Note: Unless specified otherwise, all code examples are executed as non-root user “ubuntu” (who must be in the docker group) in the CKAN environment’s directory, e.g.:

workon ckan
(ckan)ubuntu@ip:/var/projects/ckan/
# cd into datacats environment "test"
cd test/
(ckan)ubuntu@ip:/var/projects/ckan/test$

Download extensions

Run:

git config --global push.default matching

datacats install

# ckanext-spatial custom fork
git clone git@github.com:datawagovau/ckanext-spatial.git
cd ckanext-spatial
git remote add upstream https://github.com/ckan/ckanext-spatial.git
git fetch upstream
git merge upstream/master master -m 'merge upstream'
git push
cd ..

# ckanext-scheming custom fork
git clone git@github.com:florianm/ckanext-scheming.git
cd ckanext-scheming
git remote add upstream https://github.com/open-data/ckanext-scheming.git
git fetch upstream
git merge upstream/master master -m 'merge upstream'
git push
cd ..

#git clone https://github.com/datawagovau/ckanext-datawagovautheme.git
git clone git@github.com:datawagovau/ckanext-datawagovautheme.git

#git clone https://github.com/ckan/ckanext-pages.git
git clone https://github.com/datawagovau/ckanext-pages.git

# git clone https://github.com/ckan/ckanext-harvest.git
git clone git@github.com:datawagovau/ckanext-harvest.git

git clone https://github.com/ckan/ckanext-archiver.git
git clone https://github.com/datagovau/ckanext-cesiumpreview.git
git clone https://github.com/ckan/ckanext-dcat.git
git clone https://github.com/ckan/ckanext-disqus.git
git clone https://github.com/NaturalHistoryMuseum/ckanext-doi.git
git clone https://github.com/datacats/ckanext-featuredviews.git
#git clone https://github.com/DataShades/ckan-galleries.git
git clone https://github.com/ckan/ckanext-geoview.git
git clone https://github.com/datacats/ckanext-geopusher.git
git clone https://github.com/datagovuk/ckanext-hierarchy.git
git clone https://github.com/ckan/ckanext-pdfview.git
git clone https://github.com/ckan/ckanext-qa.git
git clone https://github.com/ckan/ckanext-showcase.git

git clone https://github.com/ckan/ckanapi.git
git clone https://github.com/geopython/pycsw.git

# pycsw dependencies
sudo apt-get install -y python-dev libxml2-dev libxslt-dev libgeos-dev

Manage dependency conflicts

Before running through this section, note that dependency conflicts are caused by multiple independently developed code bases of ckan and its plugins. Each code base pins third party library versions known to work at the time of release. Naturally, the most established extensions, e.g. spatial and harvesting, have the oldest dependencies, while brand new extensions, e.g. agls, require much newer libraries.
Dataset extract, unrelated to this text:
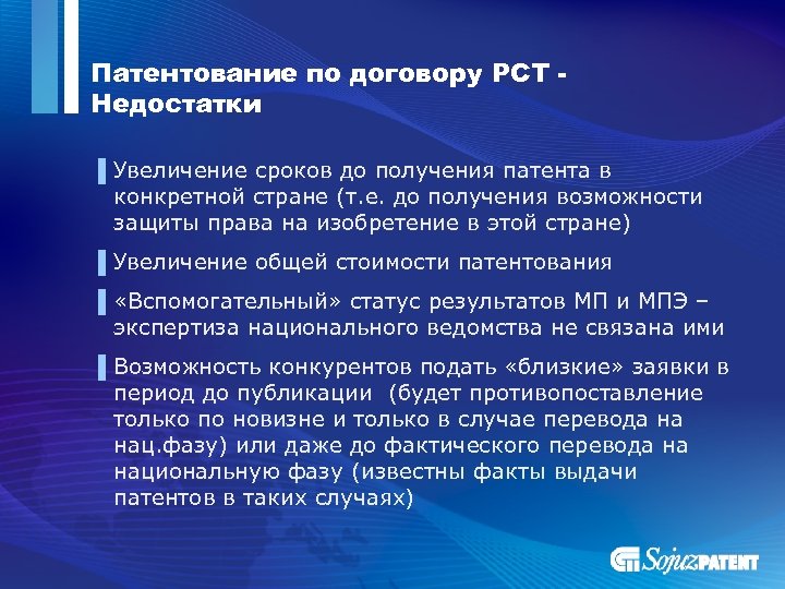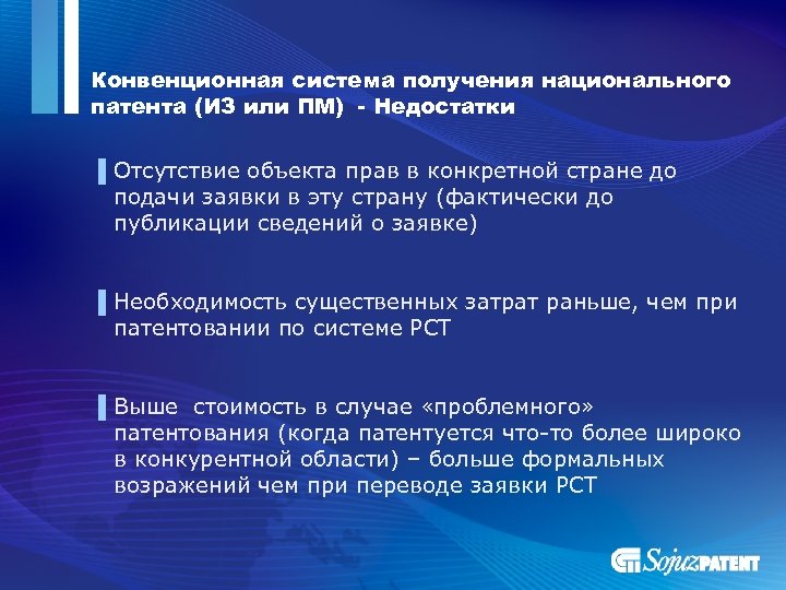 Конвенционная система получения национального патента (ИЗ или ПМ) - Недостатки ▐ Отсутствие объекта прав в конкретной стране до подачи заявки в эту страну (фактически до публикации сведений о заявке) ▐ Необходимость существенных затрат раньше, чем при патентовании по системе РСТ ▐ Выше стоимость в случае «проблемного» патентования (когда патентуется что-то более широко в конкурентной области) – больше формальных возражений чем при переводе заявки РСТ

Note: currently, the setup works without this section.

Review possible collisions at http://rshiny.yes-we-ckan.org/ckan-pip-collisions/. Note, the following example lists dependencies current as of October 2015 and will outdate quickly. We recommend to research your own version conflicts and use this example as a how-to guide, but with your own dependencies. In our example the following packages have differing, hard-coded requirements:

grep -rn --include="*requirements*" 'requests' .
grep -rn --include="*requirements*" 'six' .
grep -rn --include="*requirements*" 'lxml' .
grep -rn --include="*requirements*" 'python-dateutil' .
grep -rn --include="*requirements*" 'SQLAlchemy' .

We’ll need to update all colliding requirement versions to one that works across all extensions. In our case, a simple bump to the highest mentioned version will work, such as with the perfectly backwards compatible requests library. In other cases, breaking changes between different dependency versions could require an upgrade to an actual extension.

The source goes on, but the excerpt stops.